Trend Analysis from Breeding Bird Survey Data.
I summarized the annual estimates of Burrowing Owl population trends over nearly 20 yr (1996–2015) from the archived results from the US Geological Survey's North American Breeding Bird Survey (BBS) program website (http://www.mbr-pwrc.usgs.gov/bbs/bbs.html; Sauer et al. 2014). The BBS is a continent-wide avian monitoring program initiated in 1966 in which qualified surveyors record the number of individual birds detected each year for all species at pre-selected points along survey routes throughout North America (Robbins et al. 1986). Each BBS survey route consists of 50 survey points at 0.8-km intervals along secondary roads and the routes are randomly chosen within grid blocks throughout North America.
Low relative abundance is one of the deficiencies that can cause bias in BBS trend estimates. The BBS credibility measures suggest that trend estimates have a “deficiency” that affects credibility of the trend estimate when based on species with regional abundance <1.0 bird/route (low abundance), and they have an “important deficiency” when based on species with relative abundance <0.1 bird/route (very low abundance). Breeding density of Burrowing Owls is relatively low in most portions of their range; the relative abundance of Burrowing Owls on BBS routes is <1.0 bird/route on 74.3% of the BBS routes that have detected owls. To understand how low relative abundance can affect trend estimates, consider a region or BBS route where the relative abundance of Burrowing Owls was initially 0.5 owls/route and after 10 yr owls were extirpated from the region (i.e., relative abundance became 0 owls/route). With each passing year of zero counts beyond those initial 10 yr, the estimated trend in that region would become flatter and flatter (i.e., the trend estimate would approach zero). Because of the problems associated with trend estimates based on BBS data when average counts are <1 bird/route, I obtained the raw count data from the BBS and used linear regression to calculate a route-level trend estimate for all of the BBS routes that detected at least one Burrowing Owl and was surveyed in at least 2 yr between 1966–2015. That is, I computed separate linear regressions for each BBS route where ≥1 owl was detected during ≥1 yr and the route was surveyed for ≥2 yr.

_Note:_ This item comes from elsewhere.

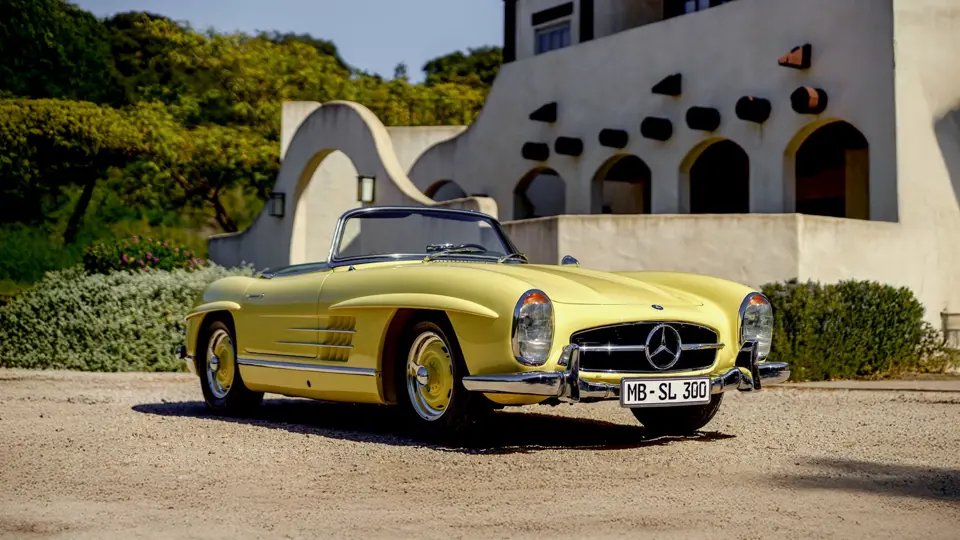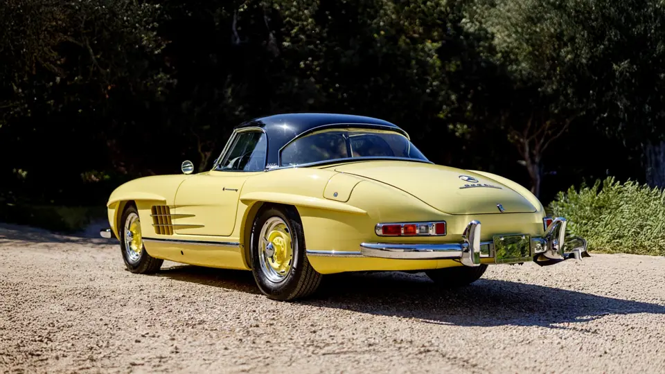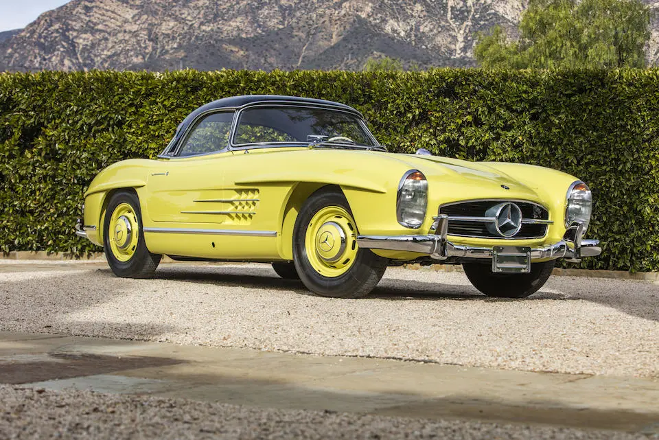 198042.10.002576 : 1960, 300 SL Roadster, moteur 198980.10.2627, Uranium Gelb (DB662G), cuir noir, capote noire.

Because of the potential bias discussed above and because I wanted to use linear regression of BBS count data for individual routes, I merely summarized the regressions for each route as to whether the slope was positive, negative, or zero. Examination of BBS count data in this way overcomes the potential bias caused by low abundance discussed above. Estimating trends from BBS count data has other potential biases as well, but data for Burrowing Owls has fewer of these problems (compared to other species) for several reasons: (1) nearly 100% of Burrowing Owls detected during roadside point-count surveys like the BBS are detected visually rather than aurally (Conway and Simon 2003); (2) Burrowing Owls breed almost exclusively in very flat areas with little vegetation so the surveyors' visibility is typically excellent when they are in Burrowing Owl habitat; (3) Burrowing Owls routinely spend morning hours standing on a visible mound or perching on a post or wire near their nest burrow during the breeding season (Thomsen 1971); (4) most detections during the morning BBS surveys are of owls that are at or very close to their nest burrows; (5) detection probability of Burrowing Owls at known nest sites is high (often >60%) during morning spring-time surveys (Conway and Simon 2003, Conway et al. 2008); and (6) misidentification is less likely compared to other birds (Conway and Simon 2003, Conway and Pardieck 2006). Hence, after addressing the bias associated with low abundance, I believe that summaries of simple linear regressions from BBS count data are informative for Burrowing Owls (even though they may not be for species that do not share the qualities above; also see Sheffield 1997).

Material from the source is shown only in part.